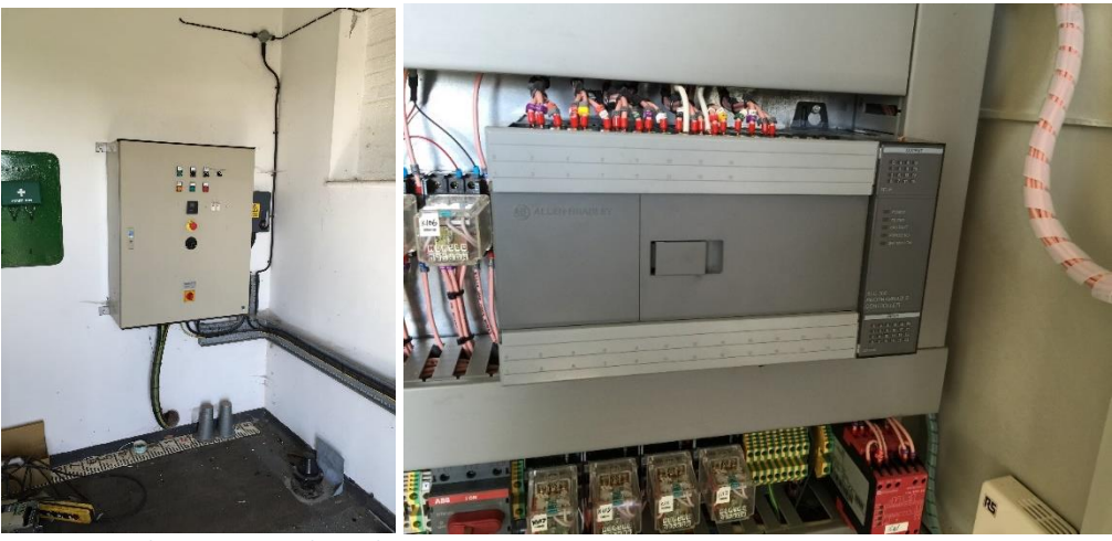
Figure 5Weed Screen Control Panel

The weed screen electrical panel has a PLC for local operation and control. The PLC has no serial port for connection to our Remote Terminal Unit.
—————
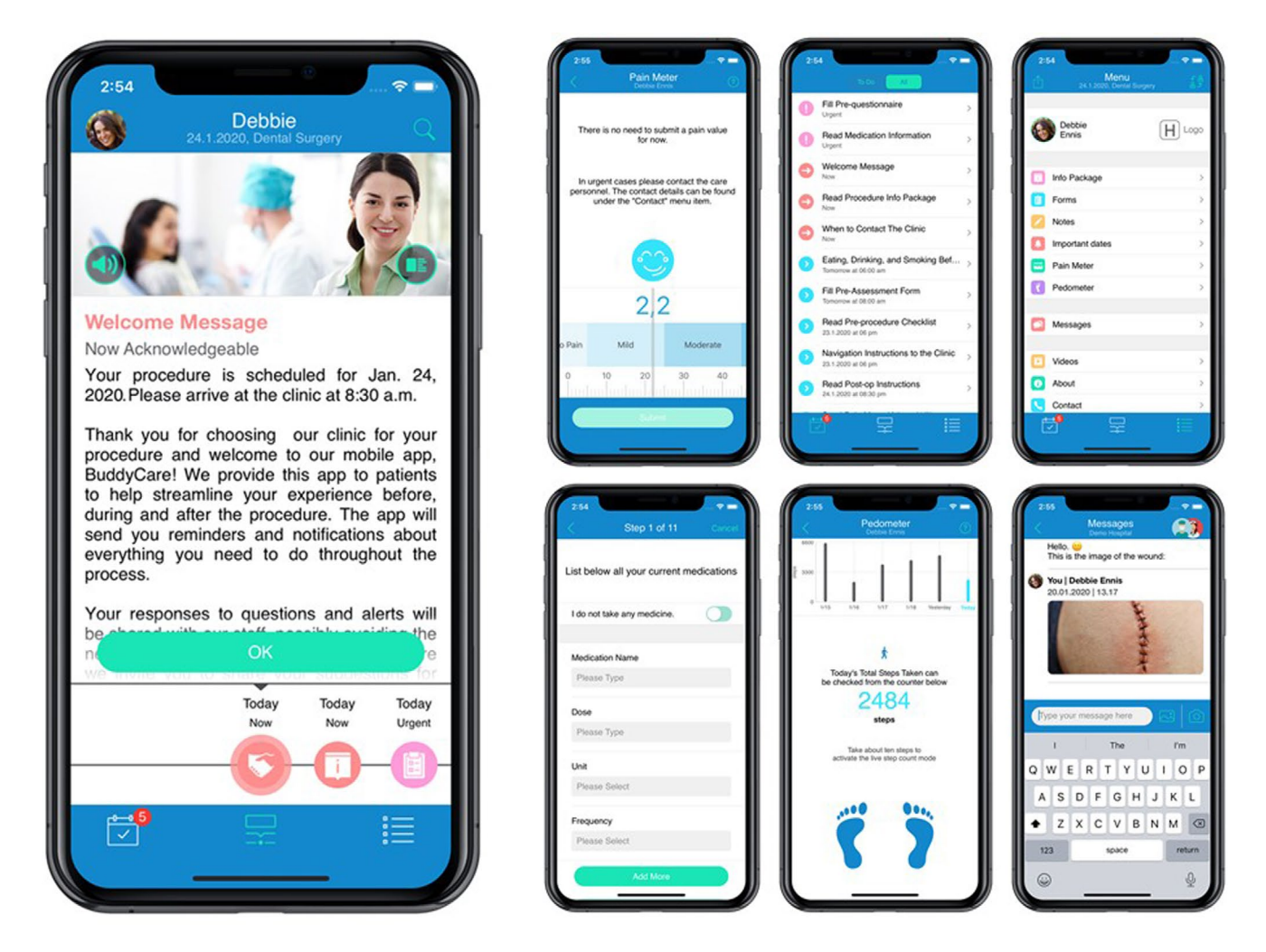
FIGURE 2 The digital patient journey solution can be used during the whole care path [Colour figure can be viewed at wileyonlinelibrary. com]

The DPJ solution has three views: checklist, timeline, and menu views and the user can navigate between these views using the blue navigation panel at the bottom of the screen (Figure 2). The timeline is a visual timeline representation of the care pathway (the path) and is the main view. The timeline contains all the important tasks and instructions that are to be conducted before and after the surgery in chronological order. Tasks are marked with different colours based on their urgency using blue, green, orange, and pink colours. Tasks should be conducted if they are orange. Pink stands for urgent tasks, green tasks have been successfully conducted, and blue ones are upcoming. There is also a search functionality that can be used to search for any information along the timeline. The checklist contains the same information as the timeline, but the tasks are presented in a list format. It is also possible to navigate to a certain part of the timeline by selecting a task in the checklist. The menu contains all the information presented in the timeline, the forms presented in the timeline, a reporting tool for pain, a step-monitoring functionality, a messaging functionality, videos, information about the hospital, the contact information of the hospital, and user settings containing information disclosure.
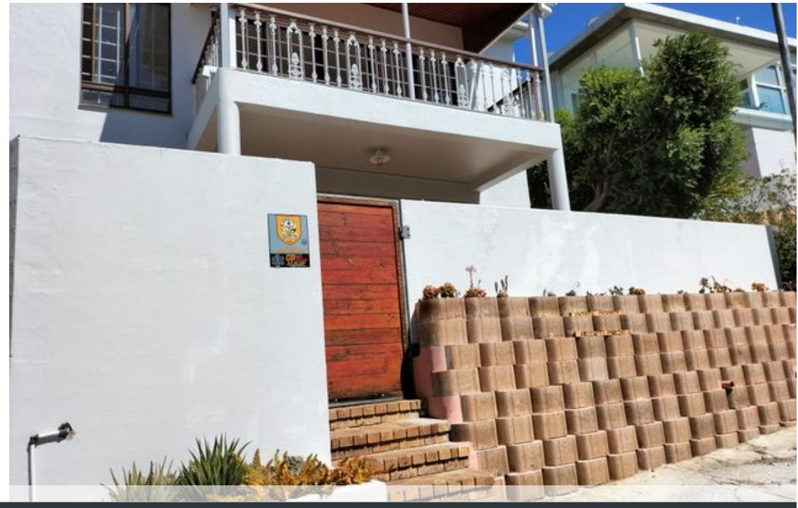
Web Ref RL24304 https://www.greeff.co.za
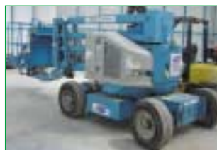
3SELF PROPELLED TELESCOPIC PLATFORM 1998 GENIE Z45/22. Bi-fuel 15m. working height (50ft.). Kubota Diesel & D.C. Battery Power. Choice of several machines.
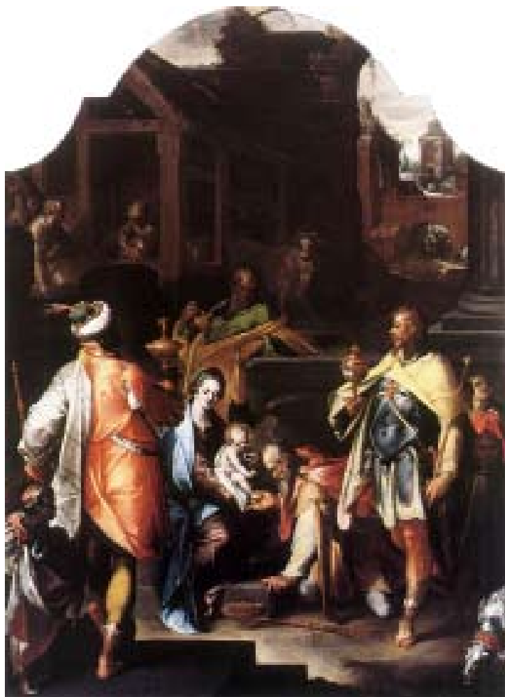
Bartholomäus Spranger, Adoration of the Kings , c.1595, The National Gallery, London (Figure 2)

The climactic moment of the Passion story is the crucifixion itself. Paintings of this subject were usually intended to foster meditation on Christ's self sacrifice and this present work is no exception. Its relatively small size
—————
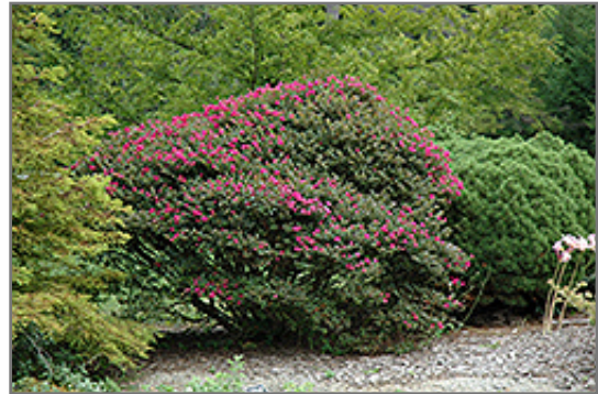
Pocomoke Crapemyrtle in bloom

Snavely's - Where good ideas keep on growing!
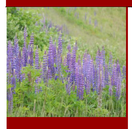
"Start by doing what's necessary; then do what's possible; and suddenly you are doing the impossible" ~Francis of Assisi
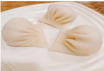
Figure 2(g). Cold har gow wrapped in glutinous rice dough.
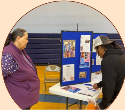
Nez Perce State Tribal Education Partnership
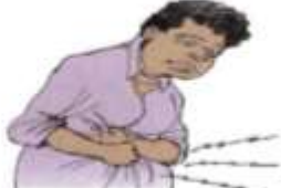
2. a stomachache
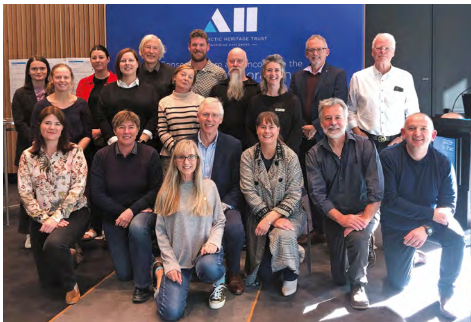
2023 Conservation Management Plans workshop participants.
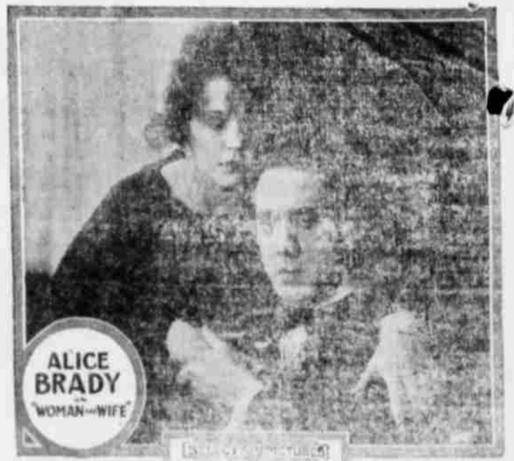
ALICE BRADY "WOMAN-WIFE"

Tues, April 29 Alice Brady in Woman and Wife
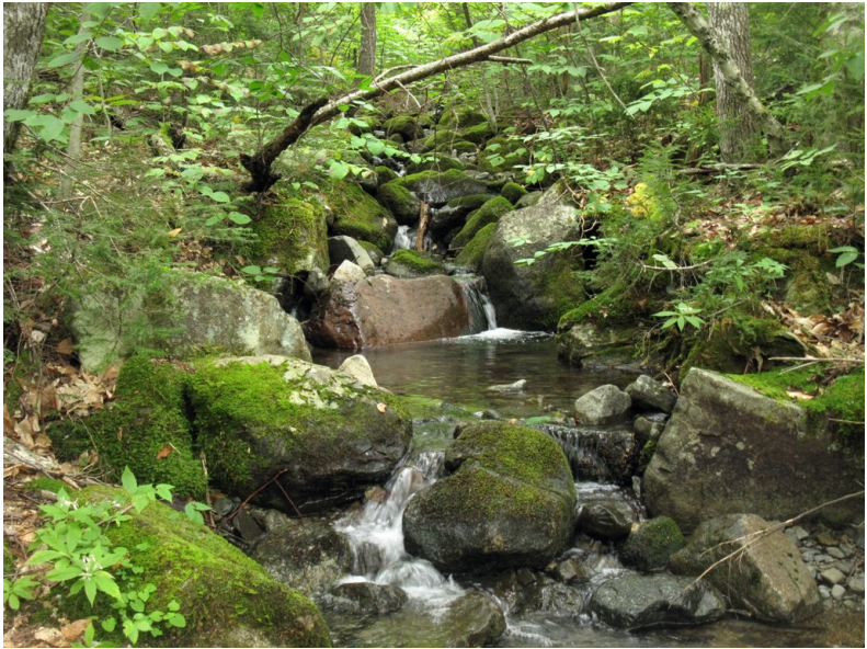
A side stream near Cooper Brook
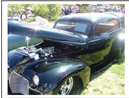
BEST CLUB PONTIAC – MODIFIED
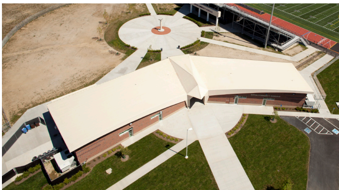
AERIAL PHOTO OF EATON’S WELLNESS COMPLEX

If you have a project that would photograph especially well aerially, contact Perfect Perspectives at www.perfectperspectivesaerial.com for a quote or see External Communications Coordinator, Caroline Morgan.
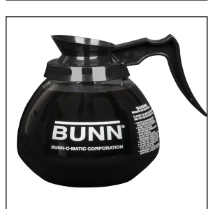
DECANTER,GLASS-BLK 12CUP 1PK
—————
• [Work to complete] Only the lines starting at the one with "Tues, April 29 Alice Brady in Woman and Wife" and ending at the one with "DECANTER,GLASS-BLK 12CUP 1PK" should be printed, each exactly as it appears in the material above; the pictures are to be omitted.

• [Your solution]
Tues, April 29 Alice Brady in Woman and Wife
A side stream near Cooper Brook
BEST CLUB PONTIAC – MODIFIED
AERIAL PHOTO OF EATON’S WELLNESS COMPLEX

If you have a project that would photograph especially well aerially, contact Perfect Perspectives at www.perfectperspectivesaerial.com for a quote or see External Communications Coordinator, Caroline Morgan.
DECANTER,GLASS-BLK 12CUP 1PK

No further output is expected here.